Using a diverse array of clinically relevant techniques such as MRI, cognitive assessment, and biomarker discovery, combined with traditional molecular and cellular biology, the Jantzie lab is on the front lines of translational pediatric neuroscience.

The Jean Kim Laboratory performs translational research in the area of chronic rhinosinusitis, with a niche interest in the pathogenesis of hyperplastic nasal polyposis. Studies encompass clinical research to basic wet laboratory research in studying the underlying immune and autoimmune mediated mechanism of polyp growth and perpetuation of disease. Human cell and tissue culture models are used. Techniques in the laboratory include cell and tissue culture, real time PCR, immunoblot, ELISA, flow cytometry, immunohistochemistry, electron microscopy, gene array analysis, and other molecular approaches including genetic knockdowns. Approaches used in Dr. Kim’s clinical study designs include prospective and retrospective analysis of patient outcomes and clinical biomarkers, as wells controlled clinical trials.

Research in the Jeanne Clark Lab covers a wide range of fields, employing various research techniques, methods and procedures to generate and disseminate the knowledge required to prevent disease and its consequences. Our most recent research program, Look AHEAD, focuses on the health of overweight volunteers with type 2 diabetes. We are examining the long-term effects of an intensive lifestyle intervention program designed to achieve and maintain weight loss by decreased caloric intake and increased physical activity.
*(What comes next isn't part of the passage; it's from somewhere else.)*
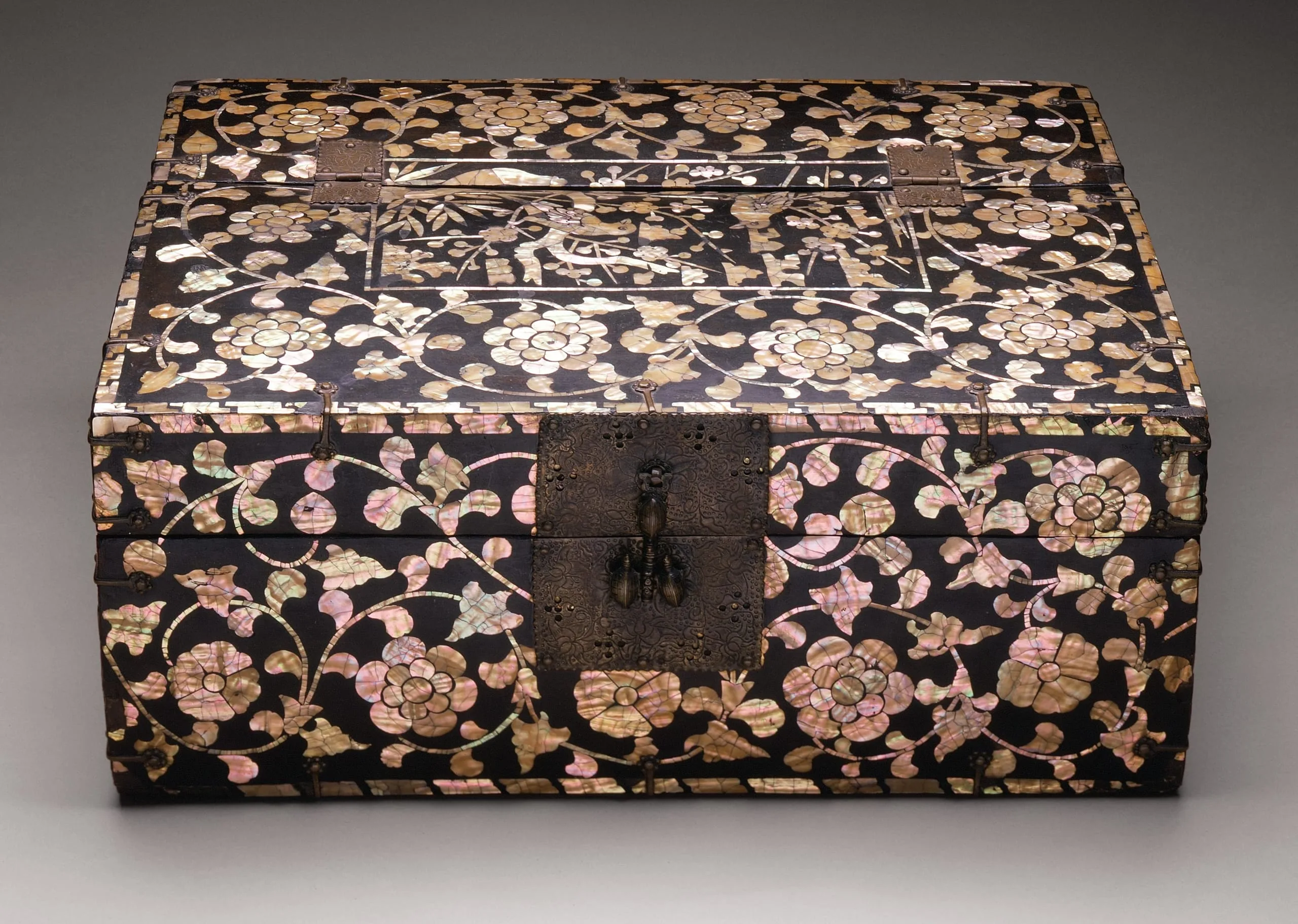 A fine example of pictorial design, this box is decorated with a rectangular cartouche that features blossoming plum branches and a pair of birds, surrounded by a continuous floral pattern. During the middle Joseon period, painterly designs such as birds and flowers, bamboo, and grapevines first began to appear on lacquer. As mother-of-pearl designs became larger in size, artists developed new techniques that were more effective. For example, an artisan, after first cutting a design, then crushed the shell before applying the pieces to the lacquer, which was a much more effective method that eventually influenced Japanese lacquer production.

The clinical development of novel immune and stem cell therapies calls for suitable methods that can follow the fate of cells non-invasively in humans at high resolution. The Bulte Lab has pioneered methods to label cells magnetically (using tiny superparamagnetic iron oxide nanoparticles) in order to make them visible by MR imaging. While the lab is doing basic bench-type research, there is a strong interaction with the clinical interventional radiology and oncology groups in order to bring the methodologies into the clinic.
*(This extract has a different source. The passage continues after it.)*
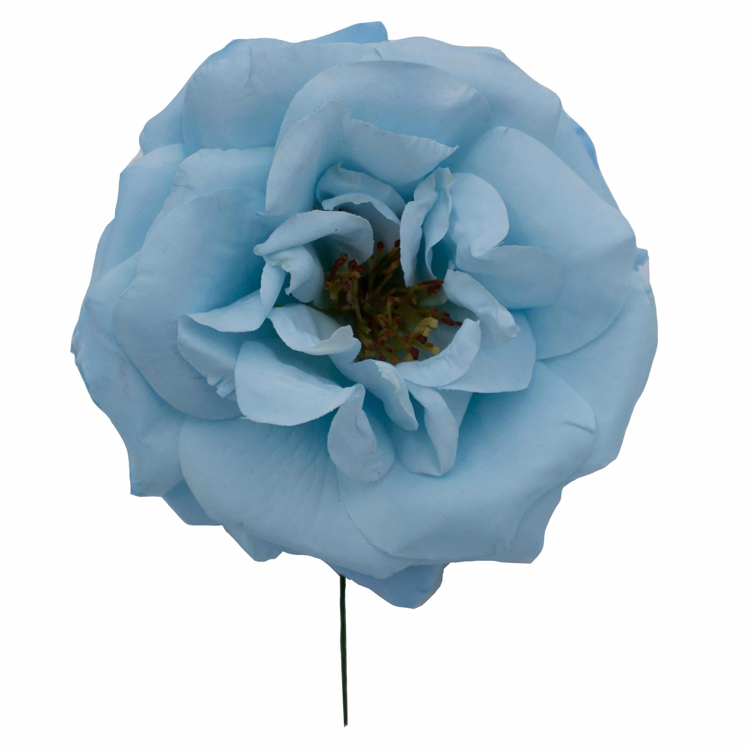 Flor de flamenca estilo rosa, de tamaño grande, con un diámetro aproximado de 14,5 cms y color Azul Celeste. Elaborada artesanalmente en Sevilla.

Research in the Jeffrey Dodd-o Lab aims to better understand the contributing factors of lung ischemia/reperfusion injuries and the role these injuries play in the lung dysfunction of patients soon after cardiopulmonary bypass surgery. We have created an ischemia/reperfusion model in a spontaneously breathing mouse that they use with an in situ mouse lung preparation to identify cardiopulmonary interactions that impact reperfusion-related lung injury. We are working to characterize the influence of atrial natriuretic peptide (ANP) on lung microvascular permeability.
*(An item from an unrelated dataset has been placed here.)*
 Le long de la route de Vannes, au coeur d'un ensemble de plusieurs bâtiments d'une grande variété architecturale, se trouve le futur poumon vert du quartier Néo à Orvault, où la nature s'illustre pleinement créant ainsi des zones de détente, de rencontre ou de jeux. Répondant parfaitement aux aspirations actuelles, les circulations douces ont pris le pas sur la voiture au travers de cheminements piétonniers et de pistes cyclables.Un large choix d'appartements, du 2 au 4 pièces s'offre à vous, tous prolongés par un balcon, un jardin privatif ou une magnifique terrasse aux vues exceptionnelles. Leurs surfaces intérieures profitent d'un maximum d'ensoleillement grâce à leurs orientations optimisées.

The Jennifer Foulke-Abel Lab engages in basic and translational research focused on how intestinal epithelia interface with their environment. Our work is powered by human adult stem cell-derived intestinal organoids, which capture the unique genetic and phenotypic traits of an individual and enable a personalized approach to understanding epithelial pathophysiology. One project in the lab centers on dissecting the factors involved in mucosal recognition of pathogenic bacteria with the goal to optimize vaccine engineering. A second area of interest is characterizing the altered intestinal stem cell programming associated with dietary nutrient absorption and hormone secretion in obesity to tailor weight-loss therapies.

Research in the Jennifer Lee-Summers Lab explores cerebrovascular autoregulation, particularly during anesthesia. Our previous studies have examined cerebrovascular autoregulation and blood flow in patients with hypothermia, in neonatal patients with hypoxic-ischemic encephalopathy and in pediatric patients with moyamoya disease.

Research in the Jeremy Greene Lab focuses on the history of disease and the ways that medical technologies affect our understanding of what it means to be sick, healthy, normal or abnormal. Particular areas of interest include 20th century clinical medicine, pharmaceuticals, medical technology, medical anthropology and global health.